We Are All One

Jesus differentiated the Father, Son, and Holy Spirit. Why should we not do it also? Why all the fuss about the Trinity? 

Those who promote the Trinity seem to put the cart before the horse. Some have even said that when Jesus offers up the kingdom to the Father then He will take His place on the Father’s throne.

The word of God says, And when all things are subjected to Him, then the Son Himself also will be subjected to the One who subjected all things to Him, that God may be all in all, 1 Corinthians 15:28. 

To counteract this they say for a son to sit at the right hand of his father means he will take his father’s place. They say that means Jesus will take His Father’s seat at the end. But the word doesn’t say that. It says what I just wrote, the Son will subject Himself to the Father, that God may be all in all.
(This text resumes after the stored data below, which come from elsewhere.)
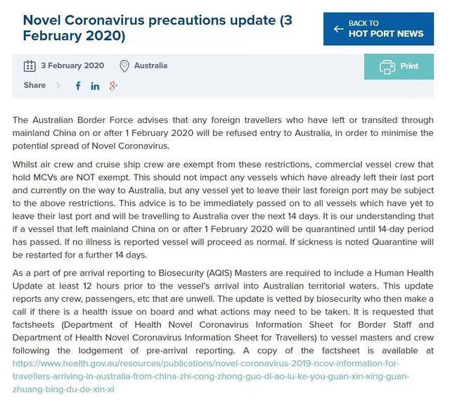 具体为,2月1日前已经驶往澳大利亚的船舶将不受影响,但在2月1日或2月1日后离开中国大陆前往澳大利亚的船舶,将被隔离14天。如果船员未报告有任何疾病,船舶将正常工作。如果有船员报告生病,则船舶将重新被隔离14天。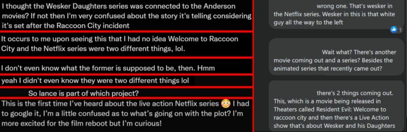 On top of all of this, the concurrent announcement for Welcome to Raccoon City and Netflix’s upcoming Resident Evil series has left many confused as to which project is which, or that they’re separate entities at all. In Rely on Horror’s comments (as well as responses to my own tweets) I’m constantly seeing fans confused, assuming the two projects are one and the same, that one existed while the other was a rumor or that the Netflix Resident Evil that people were referring to was Infinite Darkness, which released earlier this year — which is completely separate from either of these two things. Even googling the cast list for the Netflix show led to a confusing mash-up of articles about both projects.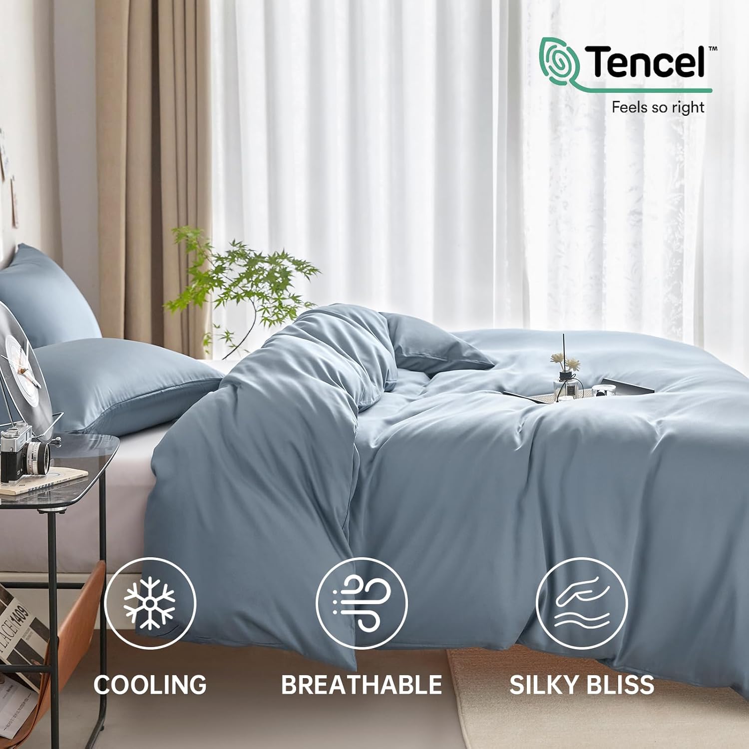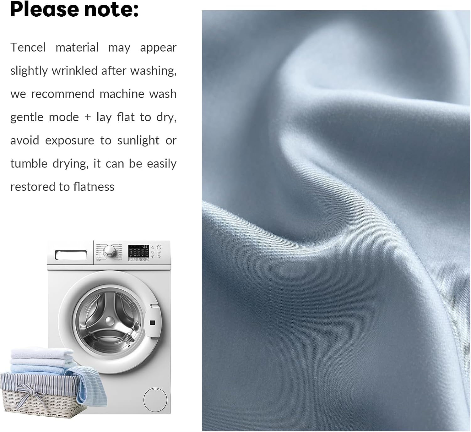 Made from 100% Lenzing Tencel, this duvet cover set offers an unmatched silky-smooth texture thatâs gentle on your skin and perfect for those with allergies or sensitive skin. The fabric provides natural temperature-regulating properties, keeping you cool during hot summer nights and warm in colder weather for a restful and balanced sleep. The 3-piece set includes a duvet cover and two coordinating pillowcases, giving you everything you need to elevate your sleep zone without the inconvenience of regular washing or ironing.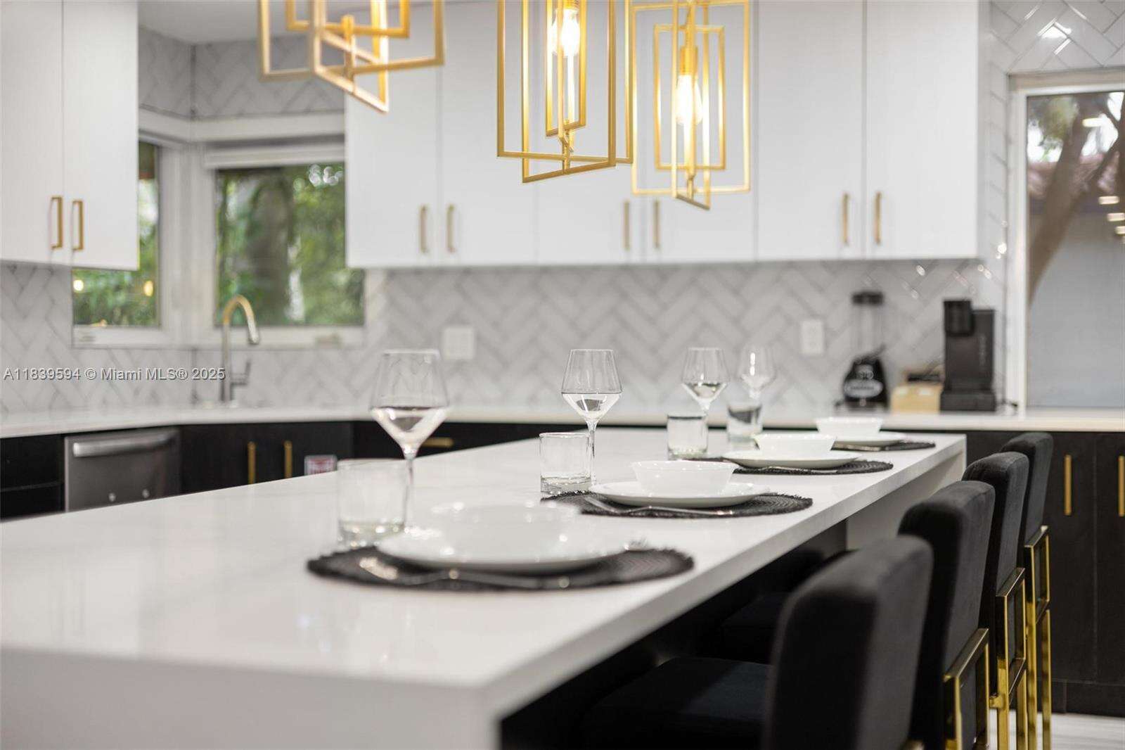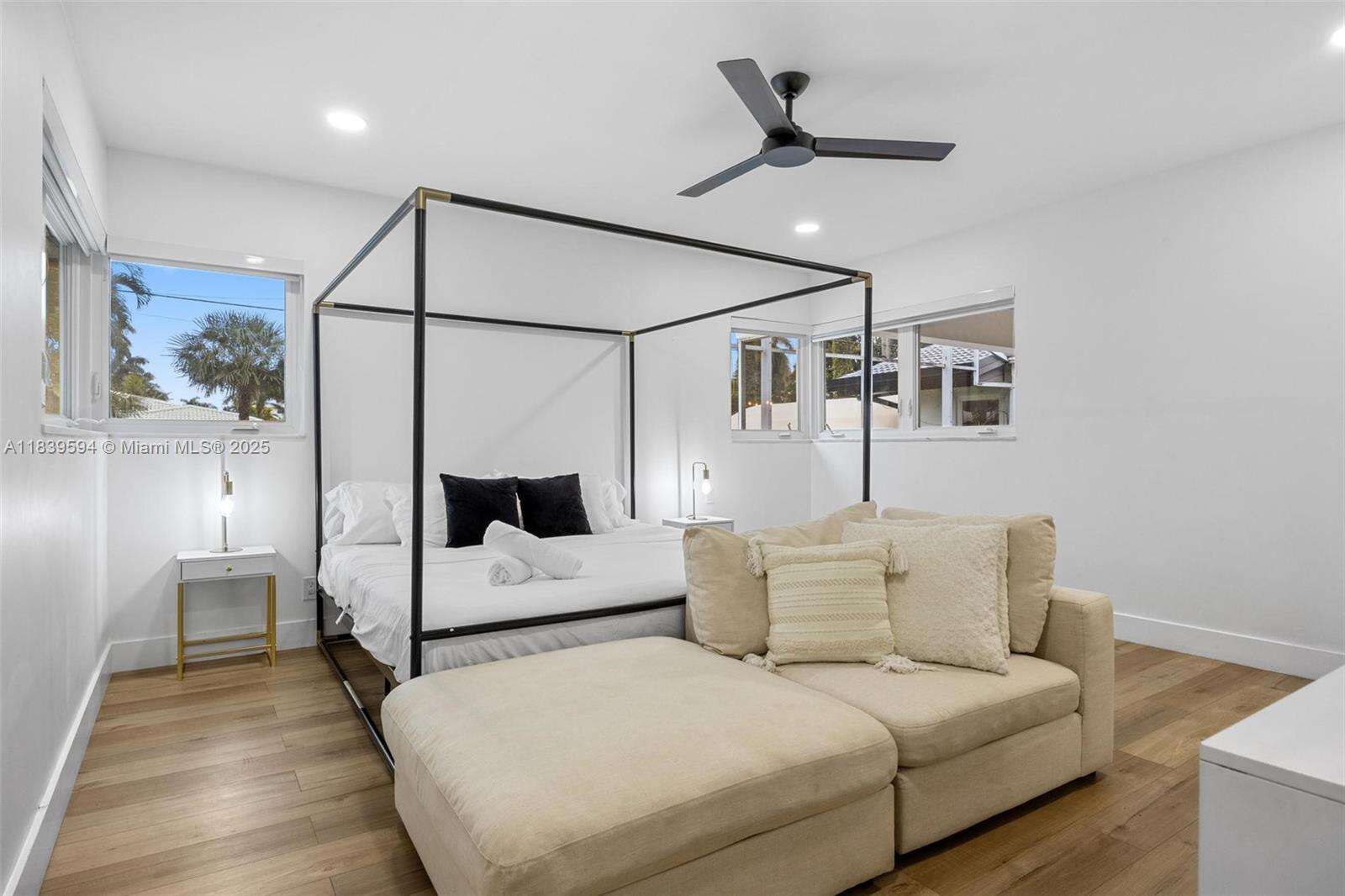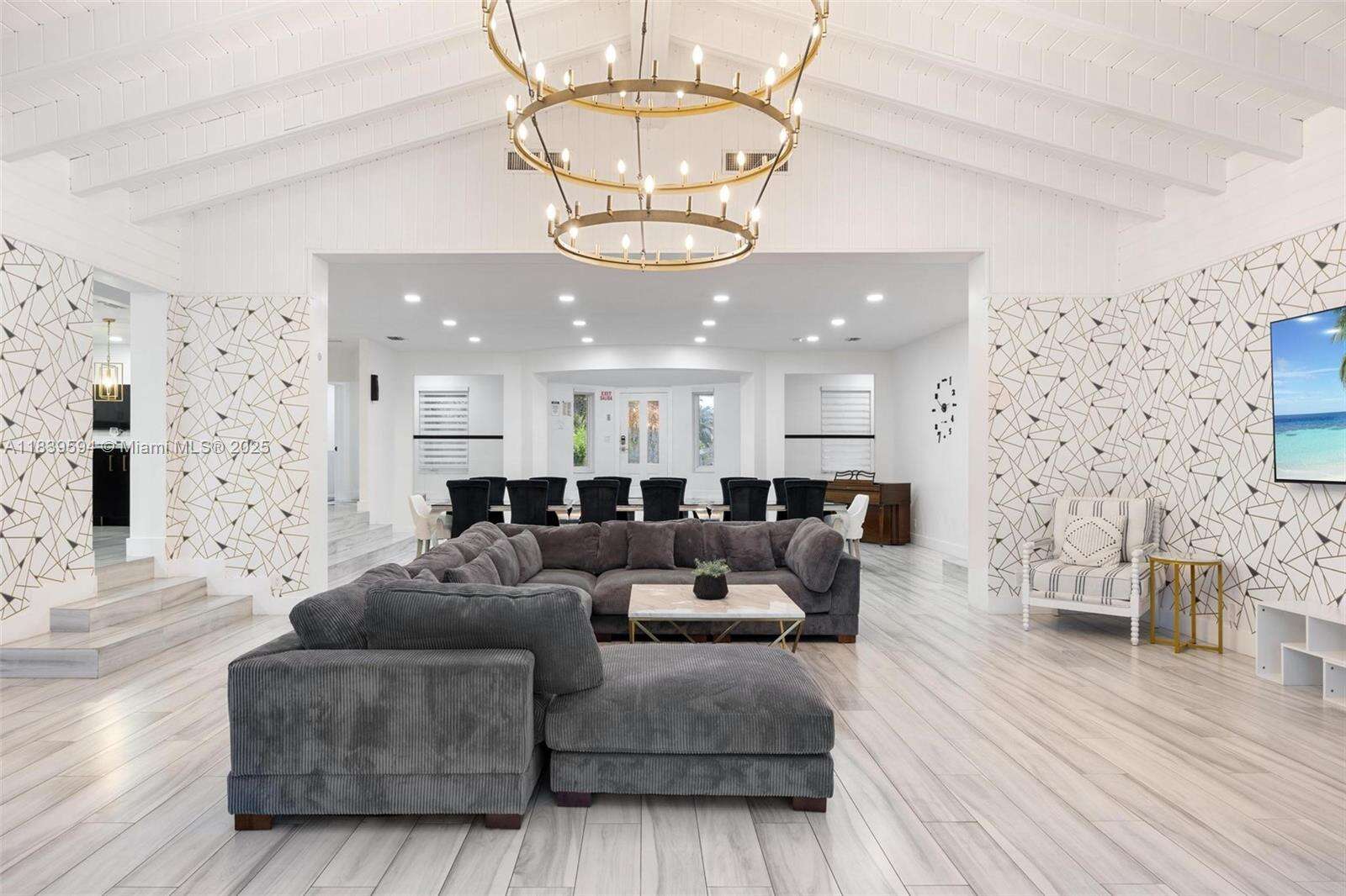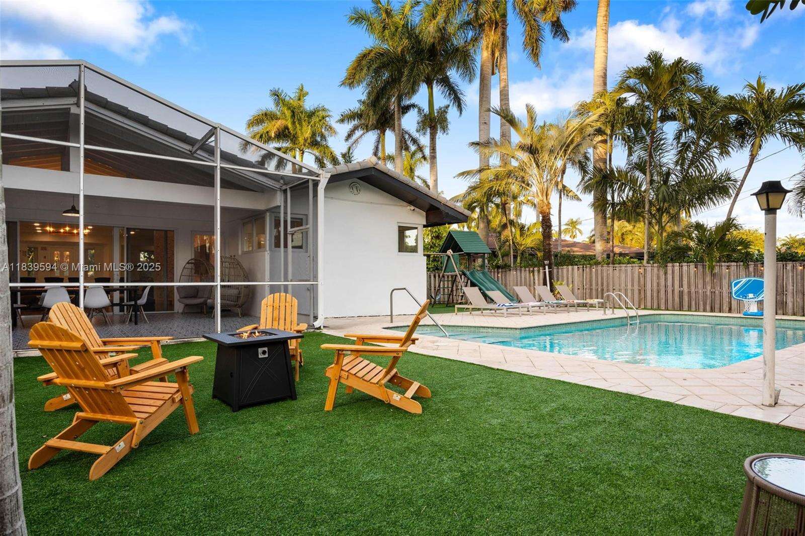 Stunning and elegant mid-century estate nestled in the prestigious Hollywood Lakes neighborhood. This distinctive 6-bedroom, 4-bath residence with huge open floor plan and soaring ceilings, beautiful bathrooms and chef kitchen with stainless steel appliances and massive island made for incredible dining with our beautiful dining room area and table this house is ready to move in great out door space and deck and pool in huge double lot with brand new roof just 2 years old and all furniture included for this incredible price. This is the best priced 6 bedroom in the hollywood market and wont last.

Yes, the Father and Son are one, and so also are my wife and I one. And every believer is one with the Father, Son, and all other believers. We are all one, the Father, the Son, and every believer; that is, assuming the Father answered the Son’s prayer.

John 17:20-21,

20 “I do not ask in behalf of these alone, but for those also who believe in Me through their word; 

21 that they may all be one; even as Thou, Father, art in Me, and I in Thee, that they also may be in Us; that the world may believe that Thou didst send Me.”

Again I ask, Jesus differentiated the Father, Son, and Holy Spirit. Why should we not do it also?

[May I interject one thing here? Many today are looking for the end times, to the extent they are wasting the present. Rather than study about the end times, I believe we would do well to study our everyday walk with Jesus. We do not belong to ourselves; we are God’s workmanship, created in Jesus for good works, which God prepared beforehand so that we would walk in them. We must be about our Father’s business.]